Supplied information:
───

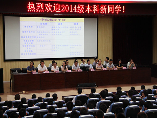 导航痕迹 当前位置: 首页 >> 新闻资讯 >> 学院新闻 >> 正文 【迎新专题】我院举行2014级本科新生见面会 作者: 发布日期:2014-09-15 浏览次数: 金秋九月,秋风送爽,我院迎来了314名来自五湖四海本科新生,9月15日晚,在雁山校区图书馆报告厅举行了77779193永利官网集团2014级本科新生见面会,出席此次见面会的有学院党委书记梁军、学院院长李建平、党委副书记陶剑飞、副院长刘峥、杨建文、团委副书记饶筠筠、学院各专业教研室负责人、2014级班主任,及各年级辅导员和全体2014级本科新生。见面会由党委副书记陶剑飞主持。 陶副书记首先介绍了出席此次见面会的领导和老师,见面会议程第一项,由李建平院长就永利概况、学院历史、师资力量、教学与科研平台以及取得的成绩等方面作了详尽介绍。同时,李院长还对新生提出了几点希望,希望他们尽快转换角色,树立目标,适应大学生活。议程第二项,老生代表院学生会主席边晓寒同学发言,他从自己大一入学讲起,向新生介绍了丰富多彩,又充满挑战和机遇的大学生活,让新生队大学生活充满了向往。议程第三项,新生代表郭远强同学发言,他从自己入校的亲身感受谈起,勉励大家不忘自己十年寒窗苦读,珍惜大学生活,创造美好人生。议程第四项,教师代表李延伟老师发言,他向新生们讲述了自己的求学之路,勉励新生珍惜大学时光,练就扎实本领,攀登科学高峰。最后党委书记梁军作讲话,他首先对2014级新生的到来表示热烈的欢迎,随后他用诙谐幽默又充满激情的话语对新同学提出了几点要求,希望同学们格物致知,用不竭求索的精神刻苦学习;诚意正心,用奋发进取的拼搏砥砺品行;修身齐家,用不断提升的素质完善自我;治国平天下,用创新创造的能力担当重任。最后新生见面会在团委学生会合唱《相亲相爱一家人》温馨愉快的歌声中圆满结束。 此次新生见面会让2014级的同学对我院有了一个全面的了解,对大学的生活有了一些认识,有利于2014级的同学尽早适应大学生活,谱写新的人生篇章。见面会现场1见面会现场2见面会现场3 上一条:【迎新专题】金秋九月入学季,化生迎新添活力 下一条:【迎新专题】我院召开新生班主任培训会
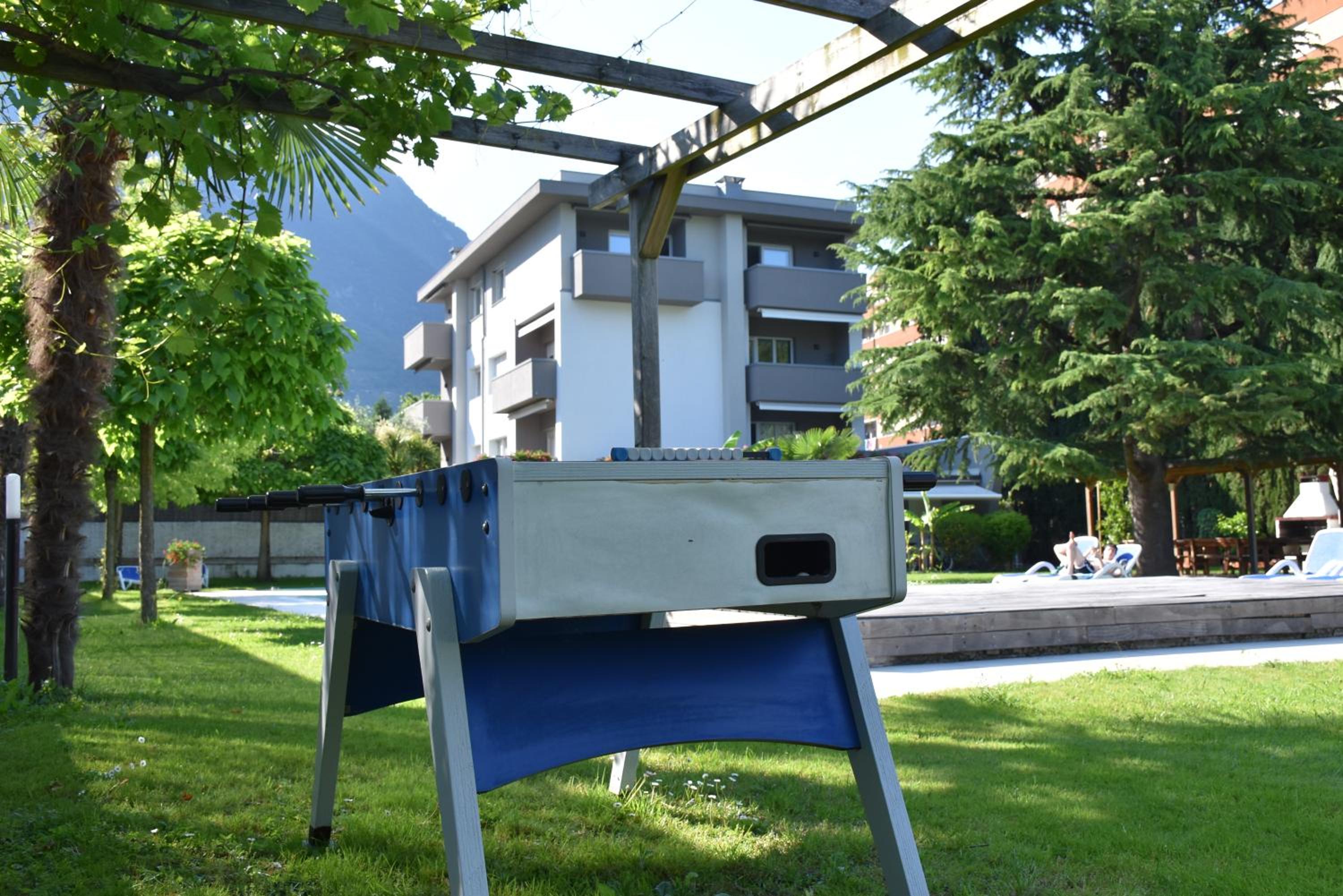Big apartment, big swimmingpool which is open 8-22. Kids could play basketball and tabletennis. A big supermarket nearby.
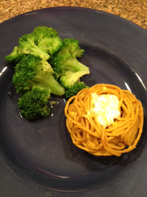 - In the muffin tin, use a fork to twirl the spaghetti into nests.

───

Work item: What you give back must match the material word for word, with no images included.

Response to the exercise:
 导航痕迹 当前位置: 首页 >> 新闻资讯 >> 学院新闻 >> 正文 【迎新专题】我院举行2014级本科新生见面会 作者: 发布日期:2014-09-15 浏览次数: 金秋九月,秋风送爽,我院迎来了314名来自五湖四海本科新生,9月15日晚,在雁山校区图书馆报告厅举行了77779193永利官网集团2014级本科新生见面会,出席此次见面会的有学院党委书记梁军、学院院长李建平、党委副书记陶剑飞、副院长刘峥、杨建文、团委副书记饶筠筠、学院各专业教研室负责人、2014级班主任,及各年级辅导员和全体2014级本科新生。见面会由党委副书记陶剑飞主持。 陶副书记首先介绍了出席此次见面会的领导和老师,见面会议程第一项,由李建平院长就永利概况、学院历史、师资力量、教学与科研平台以及取得的成绩等方面作了详尽介绍。同时,李院长还对新生提出了几点希望,希望他们尽快转换角色,树立目标,适应大学生活。议程第二项,老生代表院学生会主席边晓寒同学发言,他从自己大一入学讲起,向新生介绍了丰富多彩,又充满挑战和机遇的大学生活,让新生队大学生活充满了向往。议程第三项,新生代表郭远强同学发言,他从自己入校的亲身感受谈起,勉励大家不忘自己十年寒窗苦读,珍惜大学生活,创造美好人生。议程第四项,教师代表李延伟老师发言,他向新生们讲述了自己的求学之路,勉励新生珍惜大学时光,练就扎实本领,攀登科学高峰。最后党委书记梁军作讲话,他首先对2014级新生的到来表示热烈的欢迎,随后他用诙谐幽默又充满激情的话语对新同学提出了几点要求,希望同学们格物致知,用不竭求索的精神刻苦学习;诚意正心,用奋发进取的拼搏砥砺品行;修身齐家,用不断提升的素质完善自我;治国平天下,用创新创造的能力担当重任。最后新生见面会在团委学生会合唱《相亲相爱一家人》温馨愉快的歌声中圆满结束。 此次新生见面会让2014级的同学对我院有了一个全面的了解,对大学的生活有了一些认识,有利于2014级的同学尽早适应大学生活,谱写新的人生篇章。见面会现场1见面会现场2见面会现场3 上一条:【迎新专题】金秋九月入学季,化生迎新添活力 下一条:【迎新专题】我院召开新生班主任培训会
Big apartment, big swimmingpool which is open 8-22. Kids could play basketball and tabletennis. A big supermarket nearby.
 - In the muffin tin, use a fork to twirl the spaghetti into nests.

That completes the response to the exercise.